She liked you. Marrying you was the "right decision" to make financially for her and the kids stability and everyone must have convinced her what a catch you were. But she is only attracted to the mechanic and probably considers him her soul mate that never was to be. 

Does she earn anything substantial ?


----------



## Will_Kane (Feb 26, 2012)

lisab0105 said:


> as a once single mom, I take serious offense to thar last comment.


I agree with some of the answers to this thread being offensive to single moms, and I apologize for my reference to it.

The fact that the cheater in this case had been a single mom really is a red herring. Any single young woman who meets a highly successful young man, with the woman having recently been dumped by a less successful fiance, is going to get A LOT of feedback from friends and relatives that THIS IS A GREAT GUY, he's nice, don't let him go, etc. I've seen this many times in real life, not just on these boards.

To the original poster, your success comes with a little bit of a price when it comes to romantic interests. You've got to sort out the ones that are interested in you partly because of your success and those that truly love you. Whether or not the woman has children.

Once they tell their friends/relatives about you: "he's a nice guy!" "he's successful!" "hold onto that one!" "it's just as easy to fall in love with a rich guy as it is a poor guy!"; then, they MAY stay with you for the wrong reasons, even though their hearts may be elsewhere.


----------



## Machiavelli (Feb 25, 2012)

Female Hypergamy is the reigning principle. It's totally basic to female attraction.


----------



## costa200 (Jun 27, 2012)

warlock07 said:


> Dude, RUN!!! FAST!!!. Nothing to save or reconcile here. Don't even think of getting back with her. She was cheating all through the relationship and marriage. See of you can get an annulment. She is better off in the fog of the affair so that she will leave you quickly and financially intact!! You still don't have the complete truth because she wants to "protect" you. Why did she even marry you if she was cheating all the time?
> 
> 
> Don't tell me that the OM is a broke loser.
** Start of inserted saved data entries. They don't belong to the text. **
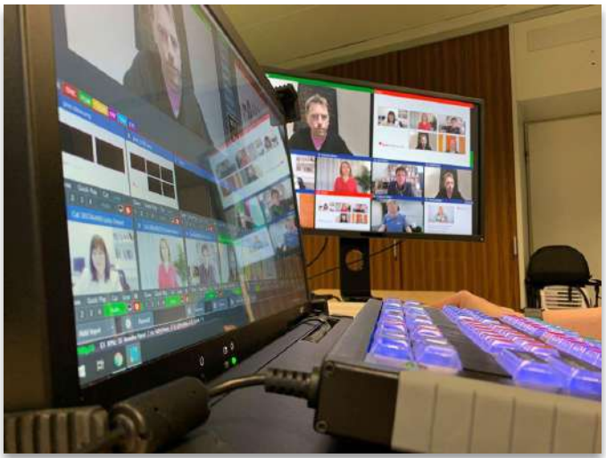
Control panel with relevant personnel at Singapore to ensure full control and support during the AGM/EGM
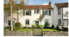
Homes Near World-Class Restaurants
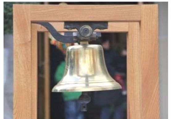
The Congress Bell
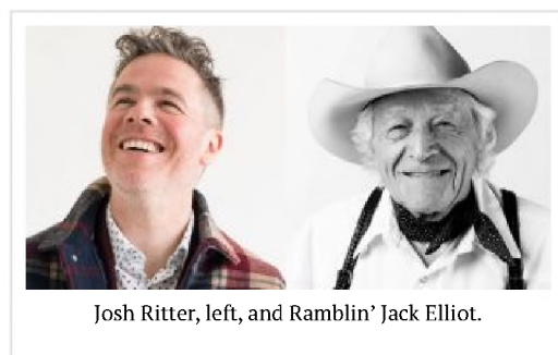
Josh Ritter, left, and Ramblin’ Jack Elliot.
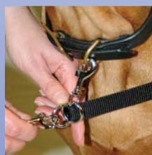
Small clip should be attached to the front ring of the harness
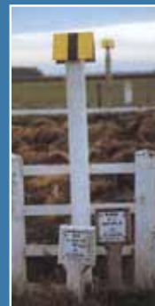
GPSS aerial marker
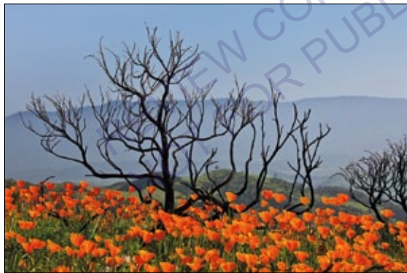
California poppies in early April

Home to an annual wildflower bloom each spring, Figueroa Mountain provides a variety of species at various elevations, diversifying your opportunities and extending the wildflower season. The U.S. Forest Service often provides updates on the timing and progress of the wildflowers as they emerge in the February through April timeframe. If you have the opportunity, check their web site for current conditions.
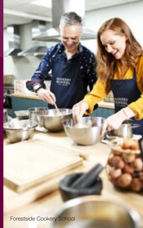
Forestside Cookery School
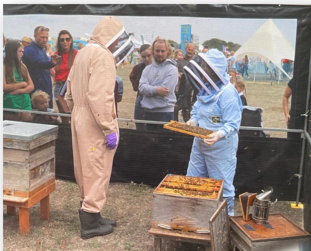
The live demonstrations - always a big crowd
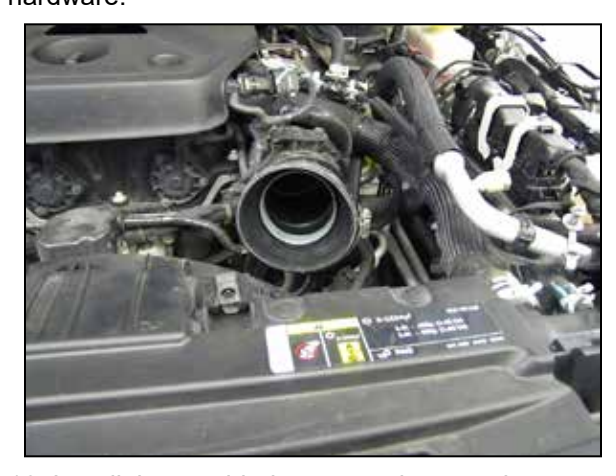
16. Install the provided step coupler onto the throttle body and secure with the provided hose clamp.
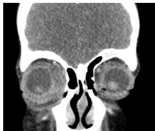
Fig. 6: Contrast enhanced CT in coronal plane showing right-sided superficial orbital lymphovenous malformation
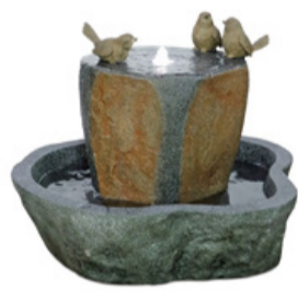
Fountain Bubbler with Birds 🛒 699 99
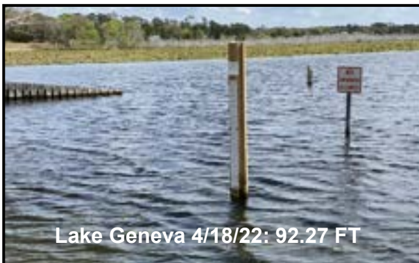
Lake Geneva 4/18/22: 92.27 FT

Webpage Design By: REALTY PRODUCTIONS CO. RealtyProductions.com – (904) 502-0165 - Email: wwwweb@realtyproductions.com
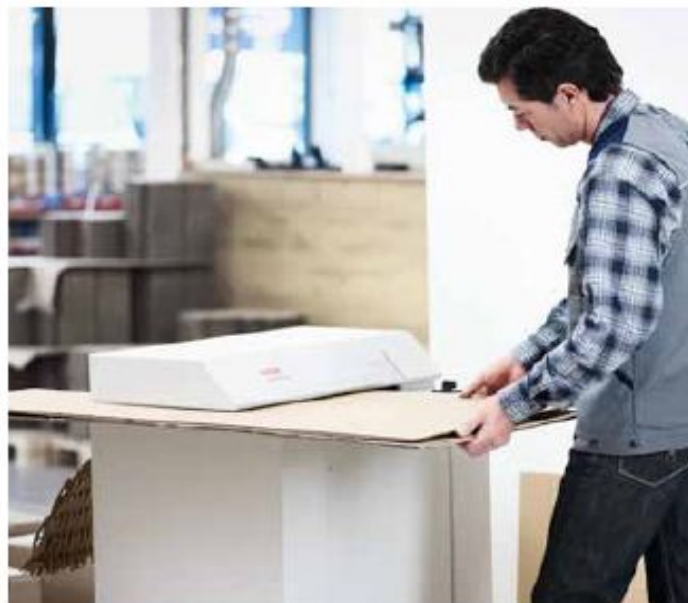
HSM ProfiPack 425

That one is easy. She has a daughter and the OP said:



> I’m very successful for my age and have a great job,


The OM is not daddy material. The OP is a great choice for a stepdad. Just look here:



> She has a 4 year old from a previous relationship. I will miss her dearly


He even bonded with the kid. 

StagesOfGrief, you were given a harsh blow, but you will get over it and be better for it. I don't think you need this drama in your life. You have no common kids and the marriage is recent so it won't cripple you for life.


----------



## Caribbean Man (Jun 3, 2012)

What kind of woman , throws away such a future having faced such difficulties in the past?
Where is the " conventional wisdom " that dictates
" A stupid dog ALWAYS looses his bone?"

So instead of moving into her " Alpha a$$hole " lover's house , she now has to move back into her parent's home.....
This woman is emotionally unstable , and cannot differentiate between a Mills & Boon / Harlequin romance novel and reality.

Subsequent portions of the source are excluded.